As a young professional, Kara accrued experience in public health, social work, as well as journalism, a combination that fulfilled her passion: The utilization of media as a tool to help low-income communities gain access to resources. After working for the Oakland Tribune as a young journalist and writing 40 front-page stories in three months, Kara enrolled in a master’s program in journalism at the University of California at Berkeley. During this time, she began to research ways in which the Guatemalans who had stayed behind in her native country were expressing themselves and communicating with each other in the post-conflict period.

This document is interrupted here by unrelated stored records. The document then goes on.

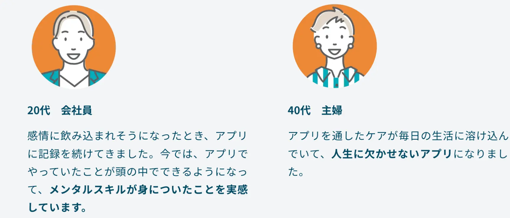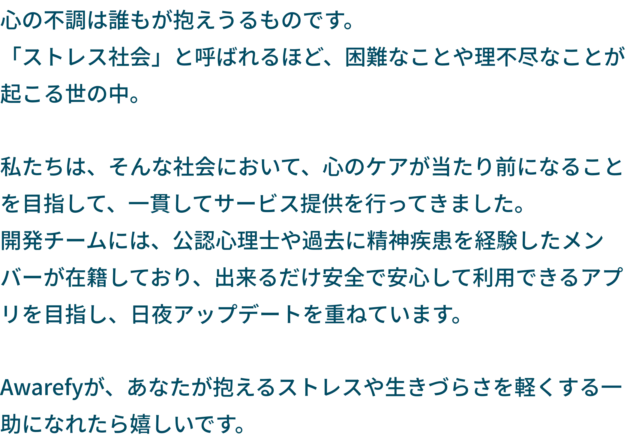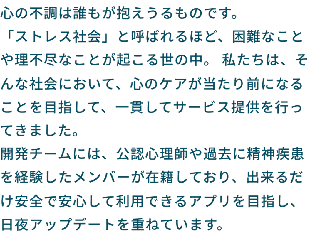 アプリは健康な人のメンタルヘルス維持のためにご利用いただくことを目的として作られています。あくまでセルフケアの用途でお使いいただくアプリのため、治療に代わるものではありません。治療中の疾患がある方は、主治医にご相談の上でご利用ください。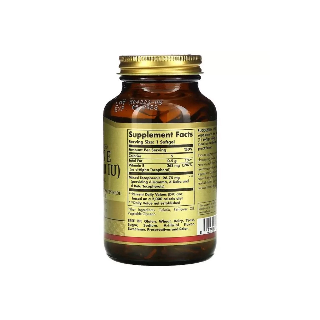 Вітамін Solgar Вітамін Е 400 IU, 100 желатинових капсул (SOL-03541)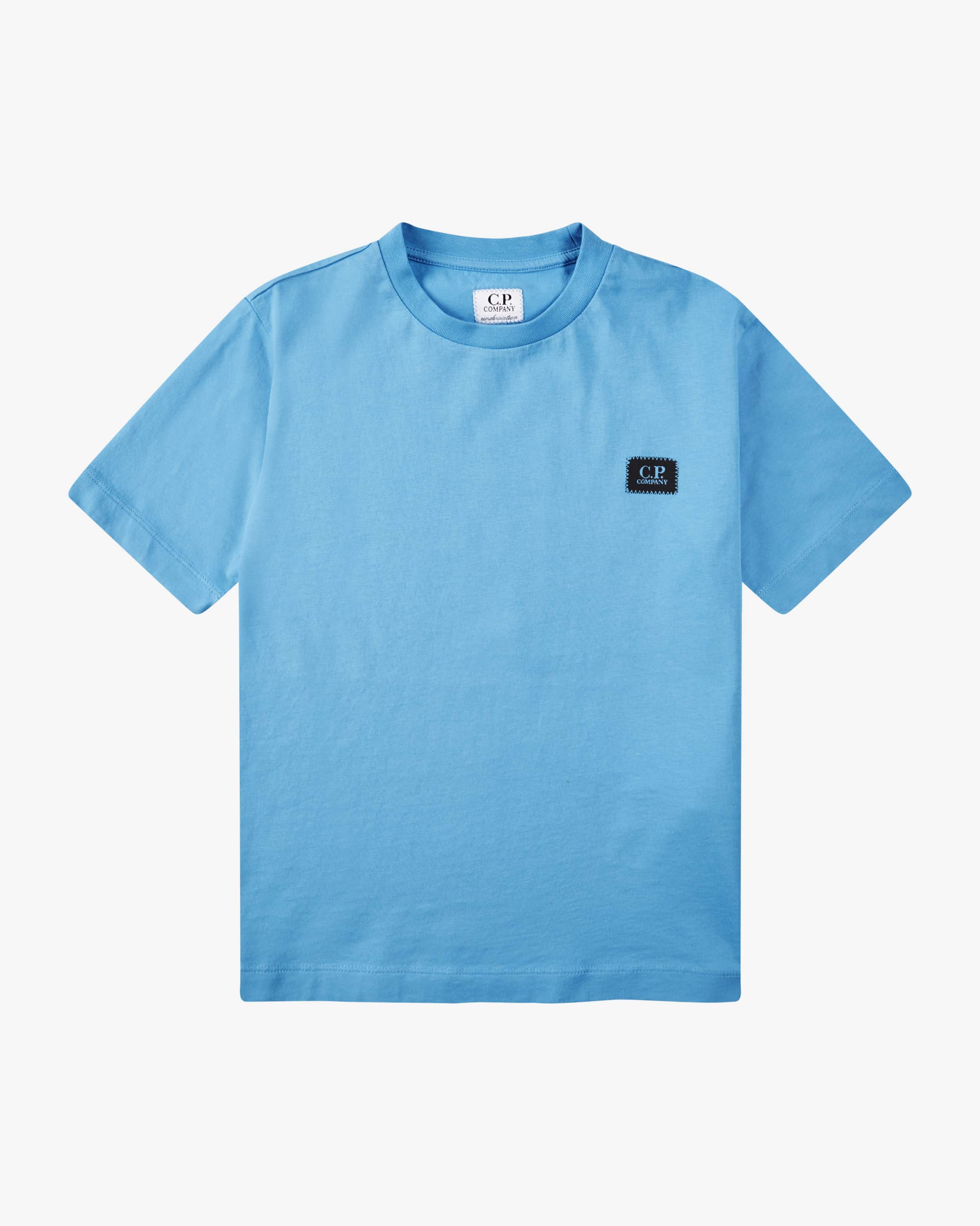 T-shirt for boys from C.P. Company in azure and black. The model impresses as a casual style with logo lettering, while the comfortable cotton fabrication guarantees a high level of comfort.
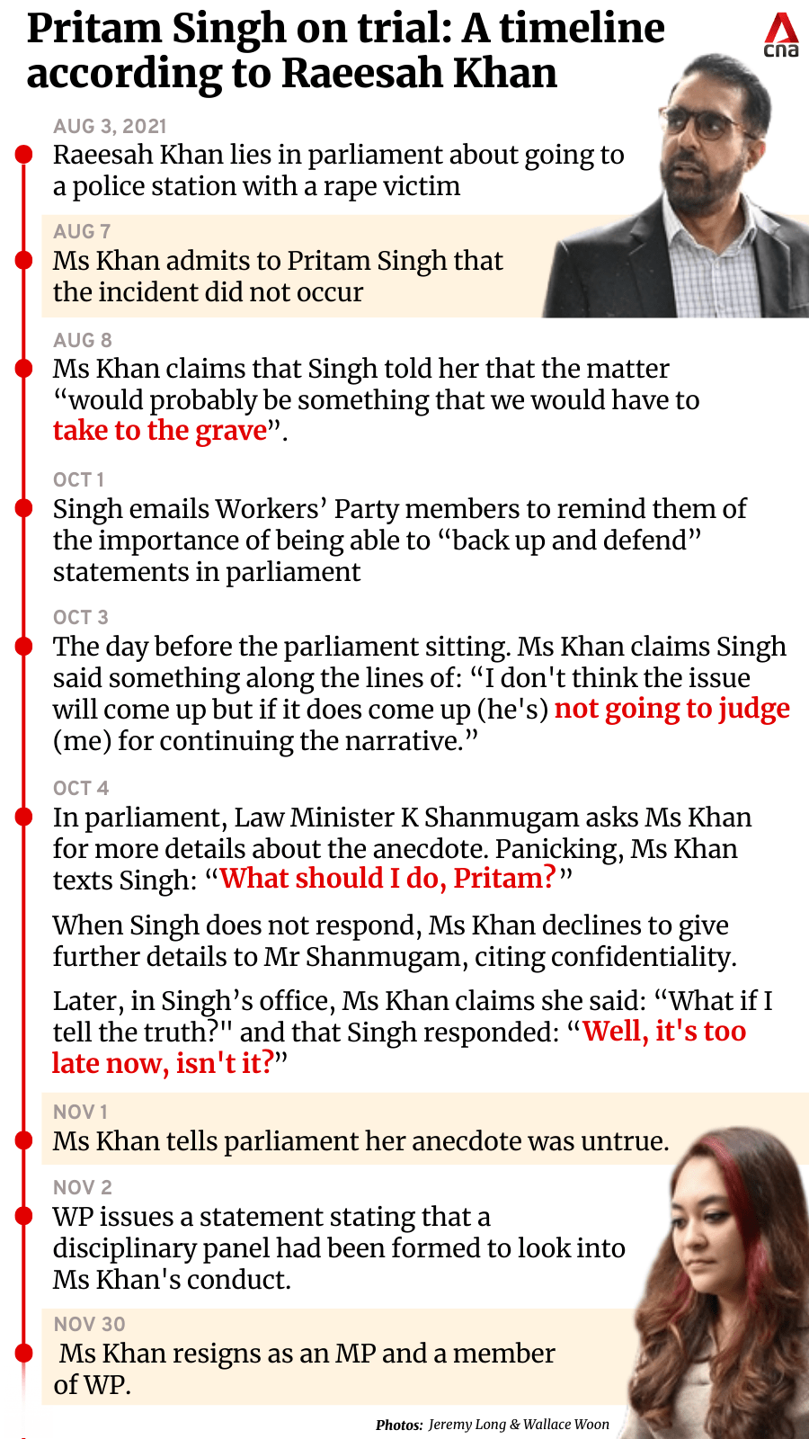 SINGAPORE: On Wednesday (Oct 16), the third day of Workers' Party (WP) chief Pritam Singh's trial for lying to parliament, his lawyer challenged former party member Raeesah Khan, suggesting that she did not require Singh's directive to tell the truth.

In the summer of 2008, Kara won a grant from the Pulitzer Center for Crisis Reporting to report from the remote Petén region of northern Guatemala where environmentalists were fighting environmentalists in a behind-the-scenes ideological conflict over how best to save the vast but rapidly shrinking Maya forest. She hiked through the jungle with a team of three fellow reporters and archaeologists to document the stories of citizens affected by transnational conflict in northern Guatemala. As Kara rested atop an excavated Mayan pyramid, she noticed that the three Guatemalan archaeologists accompanying her were all holding their mobile phones up to the sky, sending text messages in the middle of a remote jungle. Surprised, Kara began asking questions about mobile phone connectivity and penetration in Guatemala and quickly realized that mobile phones could be used to create a citizen-based information sharing platform in a country where Internet connectivity was still low. Technology in the shape of cellphones that are cheap, accessible and ubiquitous was transforming Latin America—home to 12 percent of the world’s almost 4 billion mobile subscribers in 2009. Cellphones and the Internet create opportunities for governance, economic advantage, transmission of culture and skills.

Toward the end of 2008, Kara returned to the U.S. and submitted a proposal for the HablaCentro concept to the Fulbright Commission, which granted her a scholarship for 2009 to 2010. With the Fulbright funding in hand, Kara moved to Guatemala to begin implementing her idea. Within its first year in operation, HablaCentro has grown rapidly in Guatemala and neighboring countries, largely thanks to grassroots demand for an information source that citizens can trust. Other hubs grew in Honduras, Venezuela, El Salvador, Costa Rica and many requests were made for other countries. HablaCentro now acts as both a “regional pulse meter” and a place for democratic, civic activities based on the sharing of information that is useful, relevant, has impact, geographic significance, timeliness and veracity.

Given Kara’s life story of agile persistence and success against difficult odds, combined with her passion for empowering the disenfranchised through newly emerging digital journalism, she will not rest until she has democratized information access throughout Central and then Latin America through user-friendly and accessible technology.